INDUSTRIAL APPLICABILITY

According to the information processing apparatus, information processing method, and program of the present technology, sound mixing is performed using sound source data based on the arrangement information regarding the sound source setting sections to which sound sources are assigned, on the setting parameter information from the sound source setting sections, and on the arrangement information regarding the listening setting section to which the listening point is assigned. It is thus easy to mix the sounds with respect to the free listening point. This permits implementation of a system configured to output the sounds with regard to the listening point relocated to reflect the viewpoint moved in a free-viewpoint image being displayed, for example.

REFERENCE SIGNS LIST

10 Information processing apparatus

20, 20-1, 20-2, 20-3 Sound source setting section

21, 31 Operation section

22, 32 Display section

23, 33, 43, 51 Communication section

24, 34 Arrangement relocation section

25 Sound source setting control section

30 Listening setting section

35 Listening setting control section

40 Placing table

41 Acoustic environment information generation section

50 Mixing process section

52 Mixing control section

53, 55 Effecter section

54 Mixer section

56 Image generation section

57 User interface section

60 Information storage section

90 Output apparatus

91 Sound output section

92 Image display section

221 Sound volume display

222 Parameter display

401 Placing surface

402 Reflecting member

Claims

1. An information processing apparatus comprising:

a mixing process section configured to perform a mixing process on the basis of arrangement information regarding a sound source setting section to which a sound source is assigned, setting parameter information from the sound source setting section, and arrangement information regarding a listening setting section to which a listening point is assigned, and by use of data regarding the sound source,
wherein the mixing process section includes an image generation section configured to discriminate a positional relationship of the sound source setting section with respect to the listening setting section on the basis of arrangement status of the sound source setting section and the listening setting section, and
wherein the mixing process section, the sound source setting section, the listening setting section, and the image generation section are each implemented via at least one processor.

2. The information processing apparatus according to claim 1, wherein

the mixing process section transmits applicable parameter information used in the mixing process regarding the sound source to the sound source setting section corresponding to the sound source.

3. The information processing apparatus according to claim 1, wherein

the mixing process section sets parameters for the sound source setting section on the basis of metadata associated with the sound source.

4. The information processing apparatus according to claim 1, wherein

the mixing process section stores, into an information storage section having a computer-readable medium, the arrangement information and the applicable parameter information used in the mixing process together with an elapsed time.

5. The information processing apparatus according to claim 4, wherein,

when performing the mixing process using the information stored in the information storage section, the mixing process section transmits either to the sound source setting section or to the listening setting section a relocation signal for relocating the sound source setting section and the listening setting section in a manner reflecting the arrangement information acquired from the information storage section.

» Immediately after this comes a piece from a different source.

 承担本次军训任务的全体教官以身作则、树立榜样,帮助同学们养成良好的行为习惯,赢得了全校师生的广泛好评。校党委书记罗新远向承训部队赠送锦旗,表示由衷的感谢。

6. The information processing apparatus according to claim 4, wherein,

using the arrangement information and the applicable parameter information stored in the information storage section, the mixing process section generates additional arrangement information and additional applicable parameter information regarding an additional listening point about which the arrangement information and the applicable parameter information are not stored.

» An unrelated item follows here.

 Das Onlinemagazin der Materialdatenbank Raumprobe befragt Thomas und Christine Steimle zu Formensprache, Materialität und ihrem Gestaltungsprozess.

7. The information processing apparatus according to claim 1, wherein,

when receiving an operation to change the arrangement of the sound source with respect to the listening point, the mixing process section performs the mixing process on the basis of the arrangement following a changing operation, and transmits either to the sound source setting section or to the listening setting section a relocation signal for relocating the sound source setting section and the listening setting section in a manner reflecting the arrangement following the changing operation.

8. The information processing apparatus according to claim 1, wherein,

when a mixed sound generated by the mixing process fails to meet a predetermined admissibility condition, the mixing process section transmits a notification signal indicating the failure to meet the admissibility condition either to the sound source setting section or to the listening setting section.

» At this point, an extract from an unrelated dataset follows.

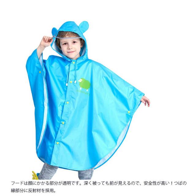 レインポンチョ レインコート キッズ ランドセル対応 耳付き 合羽 ポンチョ型 男の子 女の子 自転車 通学 通園 かわいい アウトドア 雨具 保育所 保育園 幼稚園 運動会 遠足 林間学校 キャンプ

9. The information processing apparatus according to claim 1, wherein

the sound source setting section and the listening setting section are physical devices placed on a placing table provided in real space.

10. The information processing apparatus according to claim 9, wherein

either the sound source setting section or the listening setting section has a parameter setting section, a display section, and an arrangement relocation section for relocating on a placing surface of the placing table, and
wherein the parameter setting section, the display section, and the arrangement relocation section are each implemented via at least one processor.

11. The information processing apparatus according to claim 9, wherein

either the sound source setting section or the listening setting section is configured to be variable in shape and to generate arrangement information or setting parameter information in accordance with the shape.

12. The information processing apparatus according to claim 9, further comprising:

a reflecting member configured to be placeable on the placing table; wherein
the mixing process section performs the mixing process using arrangement information regarding the reflecting member and a reflection characteristic assigned to the reflecting member.

13. The information processing apparatus according to claim 1, wherein

the image generation section is further configured to display an image at the position, in a virtual space, of the sound source setting section relative to the listening setting section on the basis of the result of the discrimination, the image having a texture indicative of the sound source assigned to the sound source setting section.

14. The information processing apparatus according to claim 13, wherein

the image generation section generates the image as viewed from a viewpoint represented by the listening point.

15. The information processing apparatus according to claim 13, wherein

the image generation section overlays an image visualizing a sound output from the sound source onto a corresponding sound source position in the image having the texture indicative of the sound source.

16. The information processing apparatus according to claim 13, wherein

the image generation section overlays an image visualizing a reflected sound of the sound output from the sound source onto a sound-reflecting position set by the mixing process in the image having the texture indicative of the sound source.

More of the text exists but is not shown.